Владимир Сорокин В России


Вы здесь: Авторские колонки FantLab > Авторская колонка «baroni» > Владимир Сорокин: В России вполне бы ужились высокие технологии и телесные наказания на площадях"
Поиск статьи:
   расширенный поиск »

Владимир Сорокин: В России вполне бы ужились высокие технологии и телесные наказания на площадях»

Статья написана 7 августа 2008 г. 01:29

Материал опубликован в «Газете» №147 от 2008-08-07г.

В самом скором времени в свет выйдет новая книга Владимира Сорокина «Сахарный Кремль» — сборник рассказов, живописующих мир недалекого российского будущего, который впервые был изображен писателем в романе «День опричника». О работе над книгой и о своем восприятии российской действительности рассказывает Владимир Сорокин.

  — «День опричника» и «Сахарный Кремль» — это антиутопическая литература. Ощущаете ли вы себя продолжателем традиций антиутопии — традиций Замятина, Оруэлла, Берджеса?

— И да и нет. Я всегда описывал то, что не существует, миры, которые были во многом вымышлены. Но антиутопия как жанр очень привлекательна, она дает возможность быть творцом истории. И Берджес, и Оруэлл, и Замятин — все они как бы творили историю. В случае с «Сахарным Кремлем» оказывается возможным получить некую площадку обозрения. Знаете, бывают такие площадки, на которые ставят телескопы, как, например, в Гонконге, где можно разглядывать горы. Так и здесь: я экспроприировал 2028 год, чтобы поставить там телескоп и взглянуть на современную Россию.

— Почему в будущем, которое вы описываете, доминирует такая архаическая стилистика?

— А что, в русской жизни мало архаического? Центром громадной страны по-прежнему является Кремль, где живут правители-небожители — русская власть. Она по-прежнему, как в XVI веке, закрыта, непрозрачна, во многом непредсказуема и абсолютно беспощадна по отношению к народу. Отношения между государством и народом у нас по-прежнему архаичны. Я лишь оформил эти отношения стилистически, добавил то, чего не хватает. Не хватает как раз такого языка и всех атрибутов развитого феодализма. Я думаю, что в России вполне бы ужились высокие технологии и телесные наказания на площадях.

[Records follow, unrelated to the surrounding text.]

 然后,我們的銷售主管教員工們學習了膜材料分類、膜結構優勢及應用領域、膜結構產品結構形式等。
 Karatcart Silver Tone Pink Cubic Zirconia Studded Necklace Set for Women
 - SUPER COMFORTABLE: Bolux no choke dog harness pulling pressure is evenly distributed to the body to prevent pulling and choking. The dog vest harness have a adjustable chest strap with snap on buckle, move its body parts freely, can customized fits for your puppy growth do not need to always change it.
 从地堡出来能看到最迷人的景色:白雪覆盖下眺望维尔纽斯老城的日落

— Как вы представляете себе вашего нынешнего читателя — это тот, кто уже стал частью неприемлемой для вас системы, впал в золотой сон, или это ваш единомышленник?

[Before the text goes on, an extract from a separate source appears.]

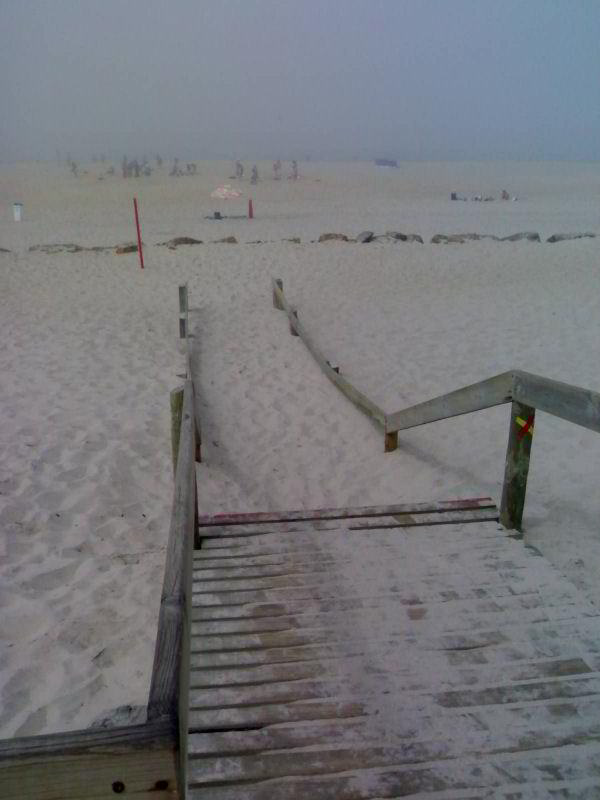 Kikurultunk a parta -- ami itt egy végtelennek tűnő homokpadot jelent --, Praia de Mira felé esteledett ránk. A ködöt eddigi utunk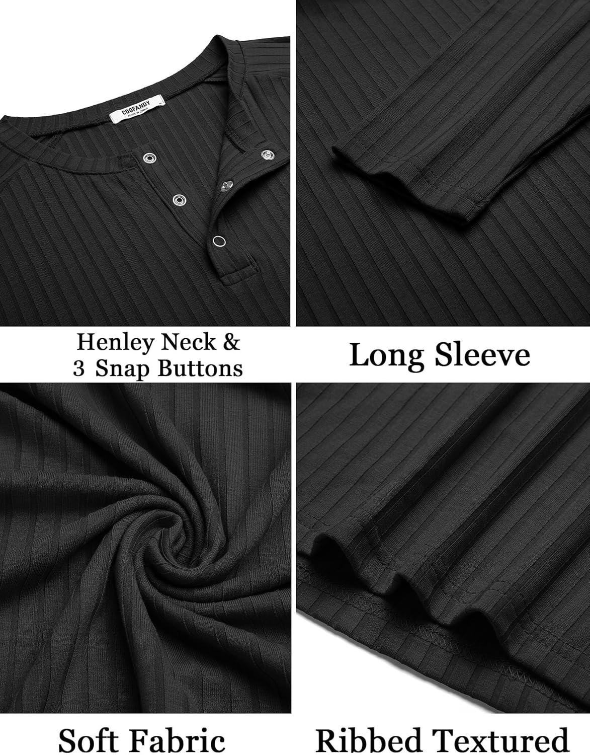 COOFANDY Men’s Henley Shirts Long Sleeve Lightweight Button T-Shirt Casual Basic Tee Top(Black)

— Здесь я как-то теряюсь. С одной стороны, мне приятно, когда книгу читают люди подготовленные, те, кто знает, что я, собственно, делаю. Но с другой стороны, «День опричника» прочли многие из тех, кто вообще меня не читал, а также те, у кого я раньше «не пошел», и эта книга произвела впечатление. Это меня радует, особенно если учесть, что я по-прежнему экспериментирую. Радует, что появились новые читатели.

Не так давно вы представляли «День опричника» за рубежом. Что вы можете сказать о том, как книгу воспринимают на Западе?

— Книга должна выйти на 20 языках и уже вышла на 10: французском, немецком, польском, шведском, сербском, испанском и других. Ни одна из моих книг не вызывала такой лавины рецензий и упоминаний. Роман цитировал Даниэль Конбендит на заседании Европарламента, посвященном России, упоминал Березовский в послании к Путину. Эта книга стала больше чем литературой.

Антиутопические тексты часто определяют формулой «книга-предостережение». «День опричника» и «Сахарный Кремль» — это предостережение или, может быть, в большей степени просто шарж?

— Когда я писал «День опричника», это во многом было поиском метафоры для современной России. С другой стороны, это был и шарж, и гротеск. И предостережение из этого получилось — об этом мне сказал один мой друг. Ты, говорит, написал такой как бы заговор, чтобы этого не случилось. Но к моменту написания «Сахарного Кремля» у меня появилось ощущение, что все это и вправду может быть, что путь, который выбирает Россия, может именно этим и кончиться. И первые читатели «Сахарного Кремля», видимо, это почувствовали: почти все они сказали, что это более страшная книга, чем «День опричника». Хотя она, может быть, не менее веселая.

Мне кажется, что «Сахарный Кремль» — это своего рода победа над проблемой сюжета, поскольку сюжет играет подчиненную роль: он включен в панораму, которая сама по себе гораздо более значима, чем конкретные события.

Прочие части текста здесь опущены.